Student loan consolidation is a big help when the time for repaying all these loans comes around. There are several benefits in going for student loan consolidation including transferring all debts to a single lender, low interest rate, reworking of the repayment plan, improving credit rating, lower monthly payments, and so on.

Students can focus more on their job and careers rather than worrying about repaying different loans. Keeping tracking of so many different payments to make each month can become bothersome and missing a payment creates its own problems that are not welcome. Through student loan consolidation, it is possible to avoid all these issues.

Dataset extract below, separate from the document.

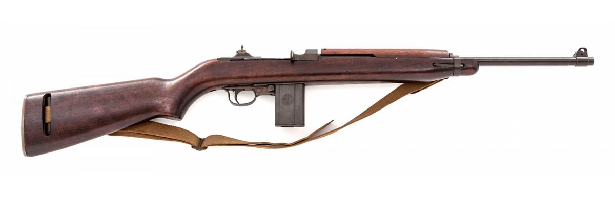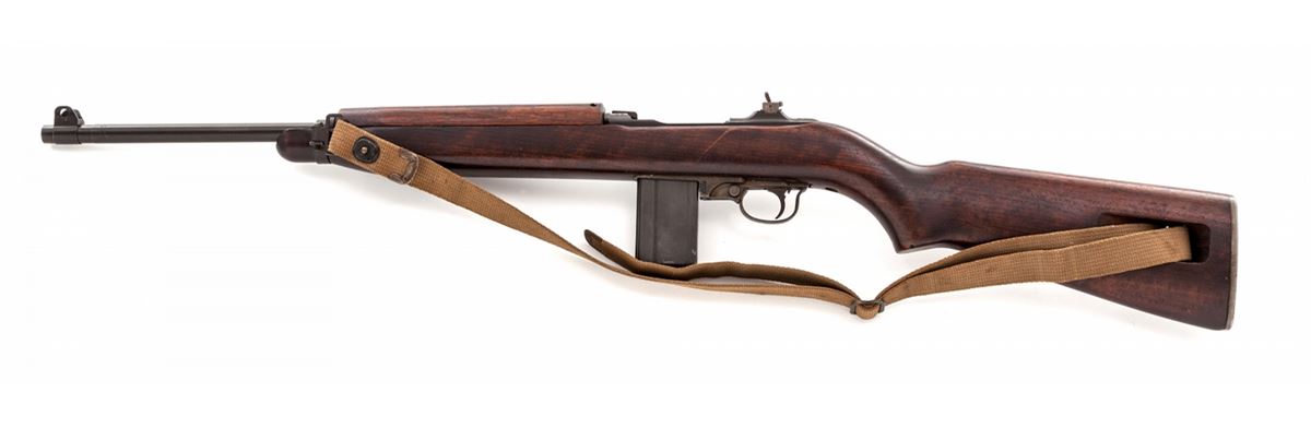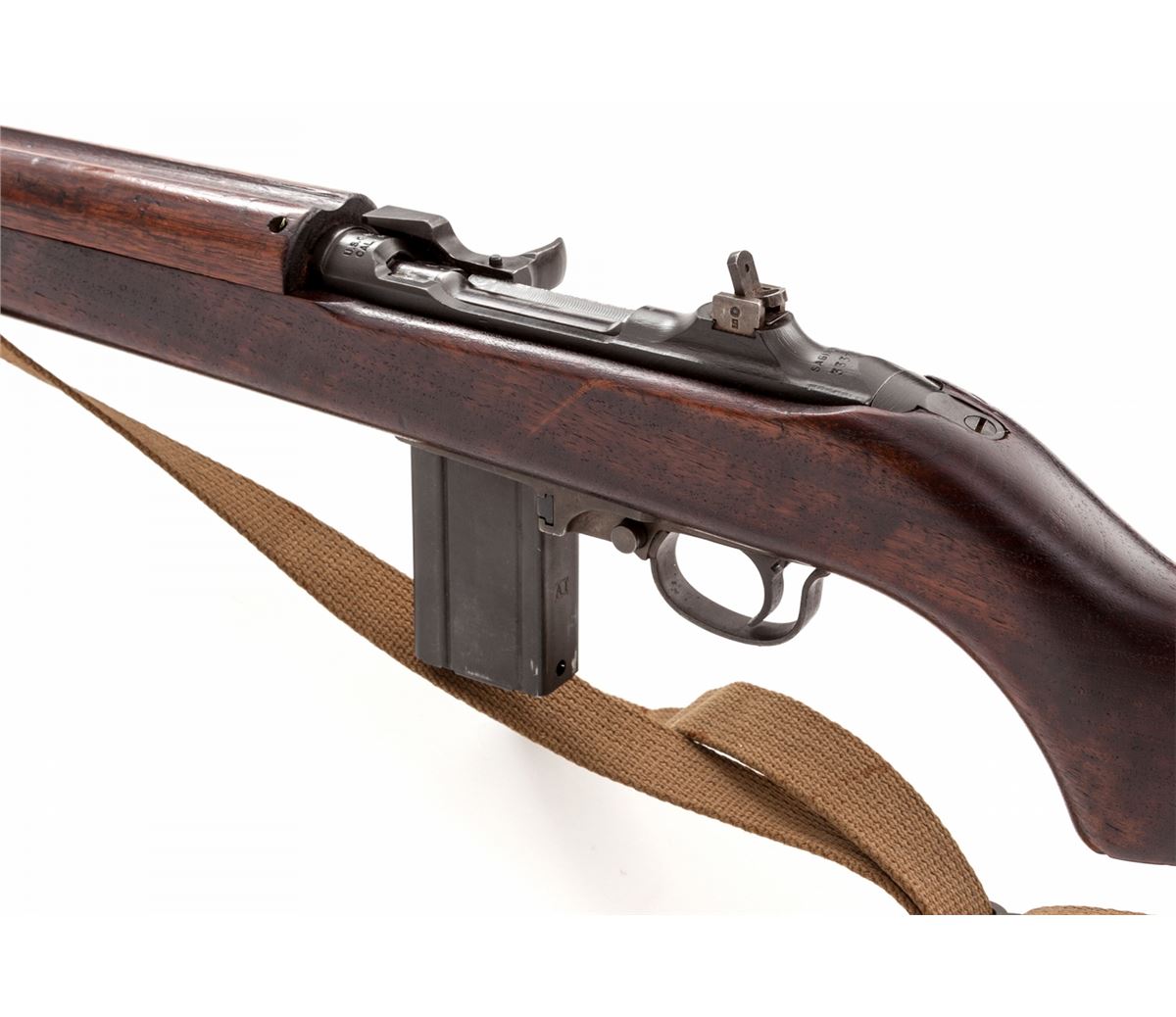 U.S. M1 Carbine, by Saginaw 'SG', #3332172, .30 Carb. cal., 18'' Saginaw barrel, parkerized finish, with correct ''SG'' cartouched stock. Flat bolt, flip sight, high wood, push-button safety, ''PM-SG'' marked steel buttplate, stamped and braised triggerguard, single rivet upper handguard, with correct WWII era light khaki sling with ''C'' pressed metal tips, and one parkerized magazine marked ''AI''. Condition is fine to near excellent with parkerized bolt showing light wear in actioning areas. Stock with some oil darkening and minor nicks and scuffs. Action is crisp, bore is bright. Est.: $1,800-$2,400. (C&R)

The student loan consolidation process typically works as follows. As a student, it is possible that you take several different loans from several loan providers. Each lender will give a loan for a different amount at a different interest rate and repayment options. What student loan consolidation does is repay the outstanding amount on all these loans, then transfer the cumulative amount to a new loan. All your current debtors with their own interest rates are paid off and you basically owe the money to a single lender after consolidation. At this point, you are also offered the chance to negotiate for a low interest rate or a longer repayment plan. This way, you get rid of the problem of keeping track of several debtors, you have a lower interest rate and that lowers your monthly payments, and you can repay the consolidated loan at your own pace.

It is also possible to seek out options in federal consolidation loans where the interest rate is fixed as long as the loan exists. It will require some digging around, looking for the one option that suits you best. But considering the amount of money this can save you the effort, is fully justified. It is also important to check your eligibility for such an option.

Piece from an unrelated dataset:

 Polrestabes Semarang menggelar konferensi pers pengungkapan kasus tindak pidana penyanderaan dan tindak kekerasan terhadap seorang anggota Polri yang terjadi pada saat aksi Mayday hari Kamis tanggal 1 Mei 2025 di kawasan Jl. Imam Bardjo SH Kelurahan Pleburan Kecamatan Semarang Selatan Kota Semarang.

Several websites offer you an online calculator where you can calculate the interest rate on a consolidated student loan based on the interest rate on your current loans. After this, you simply round off to the closest 1/8th of a percent of the weighted average of the interest rate on all the student loans for which you are eligible.

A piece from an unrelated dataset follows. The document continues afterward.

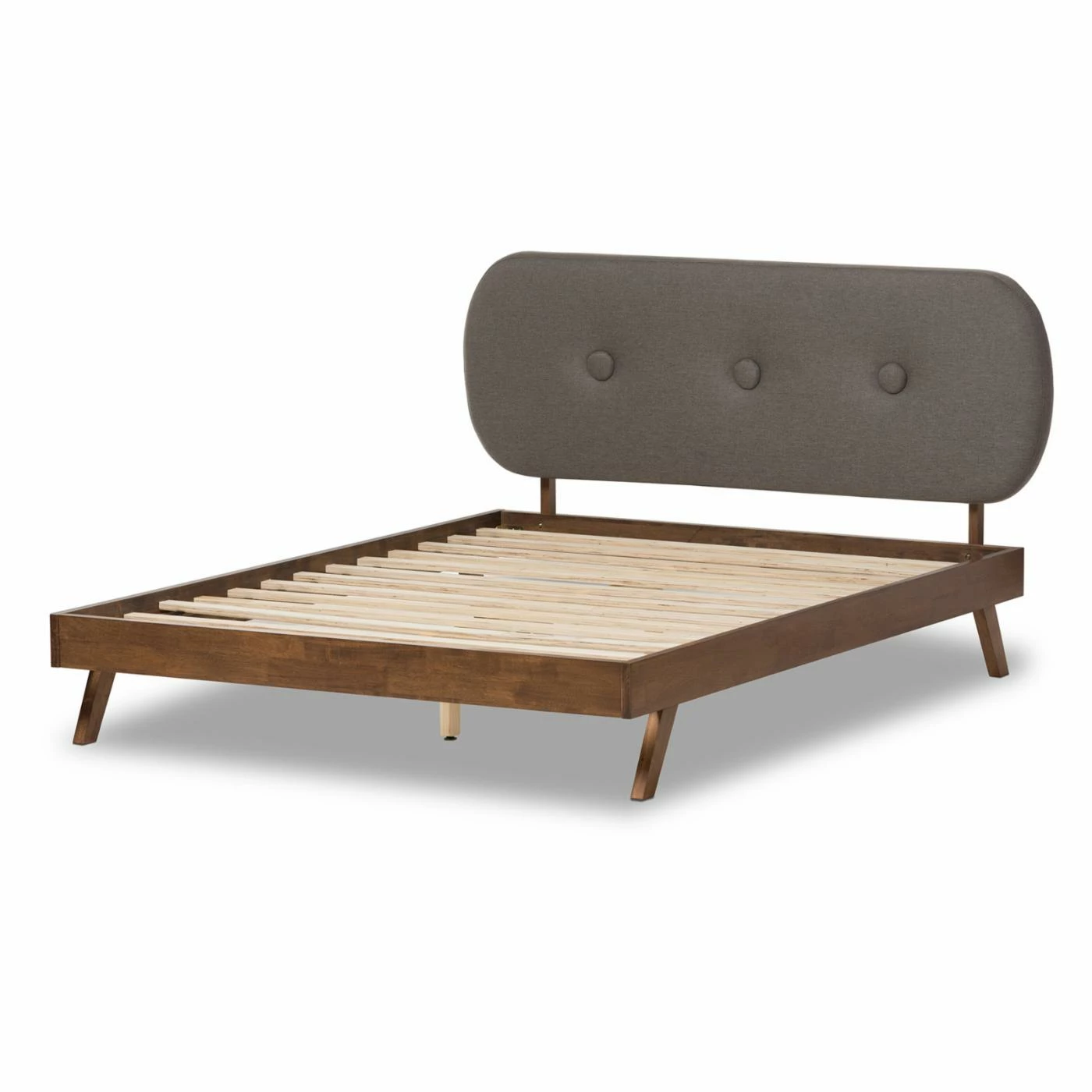 Make your bedroom feel like new with the Baxton Studio Penelope Mid-Century Modern Solid Walnut Fabric Upholstered Platform Bed. This low platform bed is designed with a classic mid-century look. A wide oval headboard caps the bed, featuring an adjustable height design. The headboard is padded and upholstered in a fine fabric with large tufted buttons. Durable rubberwood solids are used to construct the frame, featuring a slat-platform that eliminates the need for a box spring. The wood base is finished in a handsome walnut brown. Choose from available fabric color options.

Most student loans come with a repayment plan spanning around 10 years starting 6 months after completion of the education program. Through federal consolidation loans it is possible to stretch those 10 years to as much as 30. Just remember that the longer you take to repay the loan, the more you are paying in interest. It is tempting to stretch the loan as much as possible but that is not always a sound financial decision as you will end up paying a lot more than you should.

It is also possible to lock in a low interest rate while you are still in school. Locking the interest rate will instantly require you to start repayment but since you are still a student you also get the benefit of deferment until your program is finished. The obvious disadvantage to this procedure is that you are no longer eligible for the 6 month grace period. Your repayment begins the day your education program is completed. You still have an option of requesting forbearance for up to 12 months on the consolidated loan. Once again, you have to judge the worth of this exercise based on your financial situation and job prospects.

Availing student loan consolidation is much easier today. This is because of the limitless information on the Internet as well as the search functions available there. With a few simple searches on the web you will soon have all the information you require to get started and can easily compare them against one another to find the one that suits you best. Most websites are updated constantly to reflect the latest changes in policies and interest rates so you are never lagging behind in terms of information. Some websites offer exclusively comparison services where you basically get to compare consolidation offers against each other. These are great once you have the basic information at hand.

There are federal as well as private lending organizations offering student loan consolidation services.